I regretfully tell all of you that we lost a wonderful friend, Pat Doyle this last weekend.
I was immediately struck with the memory of the call I got in March 12 years ago. Phil was on the other end, shaken, trying to find the words to tell me that our younger friend, Donnon, had just passed away. It was the first experience for many of us in losing a classmate so early in our lives, which were forever changed by his death.
I read Wendy’s words as I had heard Phil’s: the reluctant bearer of bad news shared with a broken heart. It wasn’t hard for me to jump back another 25 years to 1989 when I had to make the phone calls to all of Dad’s friends after he had died. Nobody wants that job. Nobody.
When that announcement is made, though, it cements a certain bond between friends and loved ones; we inherit and share a stark and indefatigable certainty that nothing is guaranteed, our time together is limited, and we will forever be bound by the love and the loss of the passing of our friend.
Siblings
When I arrived at Pat’s afternoon viewing, I heard the familiar voices flowing from the small Worthington Room just to my left. There they were, assembled together in the mix of tears and laughter, of hugs and shrugs, of generations of loved ones sharing in the grief and shock of Pat’s passing. I walked through the doorway, and it was like I had joined a sacred group of fellow grievers. In this room, despite our differences in age, demography, and even political or spiritual beliefs, we shared a common bond that would forever connect us.
Pat and I weren’t that close. You could say we were always one radio station away from each other. 98 Rock and B104.3 (Means Music!) might have been on different ends of the music spectrum, but they were always just a twist of the dial from each other, as we all are as classmates.

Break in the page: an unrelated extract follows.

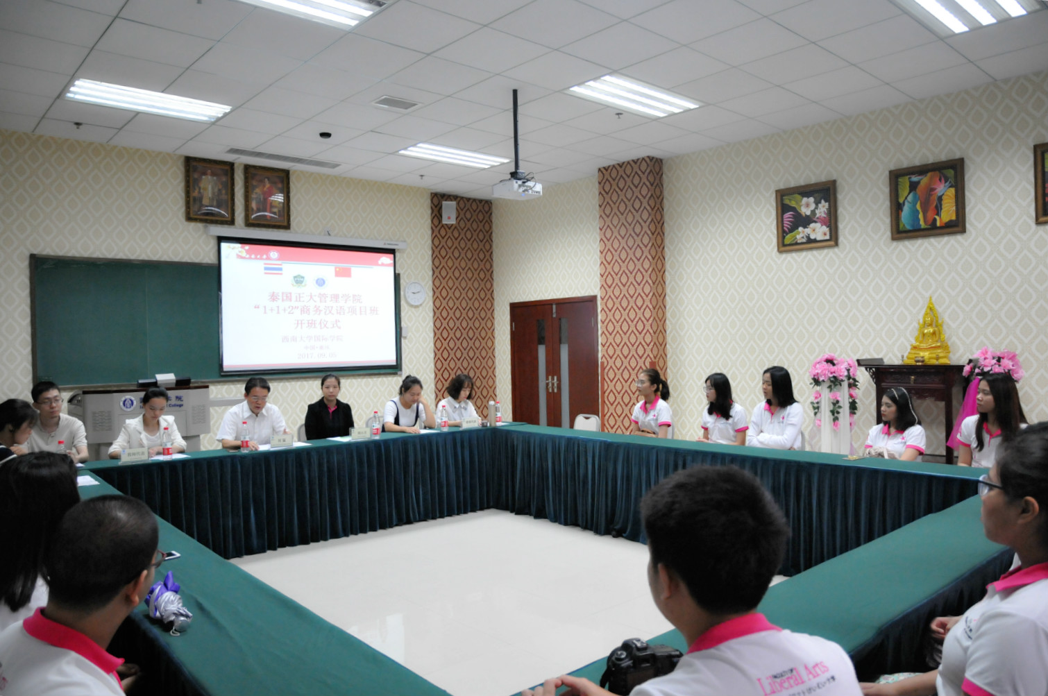 公司与泰国正大管理公司实施的本科员工“1+1+2”联合培养项目已有六年。该项目立足于提高员工以汉语为工具进行国际商务活动的能力,培养优秀的跨文化交际商务人才。今年来自泰国正大管理公司的这14名员工将在公司完成1年的专业学习和4个月的在岗实习。
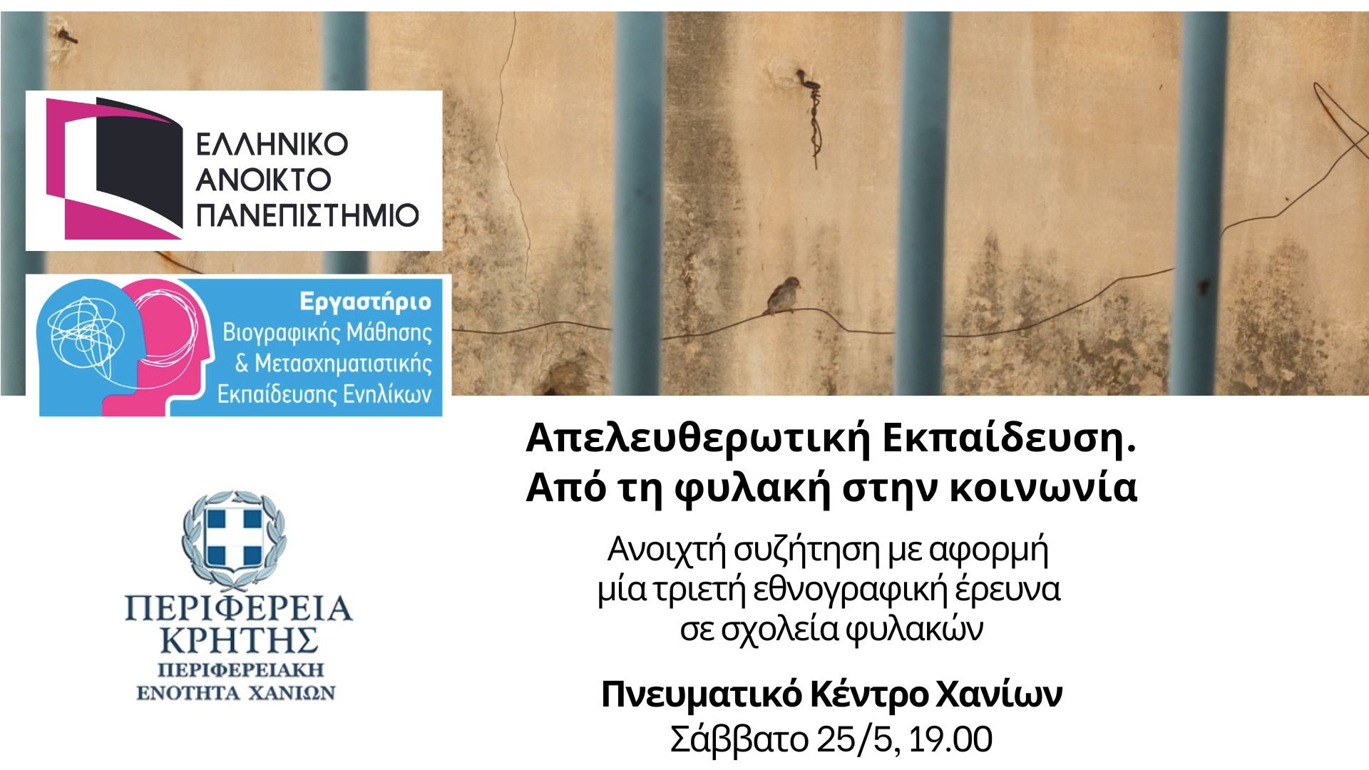 Το Ελληνικό Ανοικτό Πανεπιστήμιο και η Περιφέρεια Κρήτης – Περιφερειακή Ενότητα Χανίων συνδιοργανώνουν εκδήλωση με τίτλο «Απελευθερωτική Εκπαίδευση. Από τη φυλακή στην κοινωνία», με αφορμή την ολοκλήρωση τριετούς εθνογραφικής έρευνας που διενεργήθηκε σε έξι διαφορετικά σχολεία ελληνικών φυλακών και υποστηρίχθηκε από το ΕΑΠ. Η εκδήλωση θα πραγματοποιηθεί στο Πνευματικό Κέντρο Χανίων το Σάββατο 25 Μαΐου, στις 19.00.

Immediately to my left and sitting on a small padded bench were two friends from Loch Raven. They called my name, and we shook hands, hugged, and shared memories of the good times and the shock of Pat’s passing. Another classmate entered the room, and when we hugged and talked about Pat’s final months, tears welling in our eyes, I realized that we were no longer classmates; we were brothers and sisters, siblings of the class of 1983. We did not stay in touch as often as we should, and we definitely did not see the world through similar eyes. Yet, in this small room in a funeral home wedged between a beltway and a busy intersection of car dealers and the National Guard Armory, classmates who shared math classes with Mr. Dwyer, Drama with Mr. DeVita, and English with the wit and charm of Eddie Marbury, we now shared a different kind of classroom, learning that love and friendship among the people you grew up with are the most important things we hang on to as we get older.
Gone But Not Forgotten
As I made my way through friends and loved ones to pay my respects and say goodbye to Pat, who lay hidden within the closed coffin at the other end of the room, I stopped to offer Wendy a hug. She kissed me on the cheek and spoke with genuine kindness, a concern for all of us, and a respect for the fragility of life and love. Pat is gone, yes. But in his passing we recognize that we are still here together, and the very least we can do is care for each other as we never have before. We are no different than the signatures scrawled colorfully across the pages of our yearbooks; we carry with us the unique beauty of our individuality. These lines of love, of which Pat is one, will bind us as brothers and sisters, now and forever.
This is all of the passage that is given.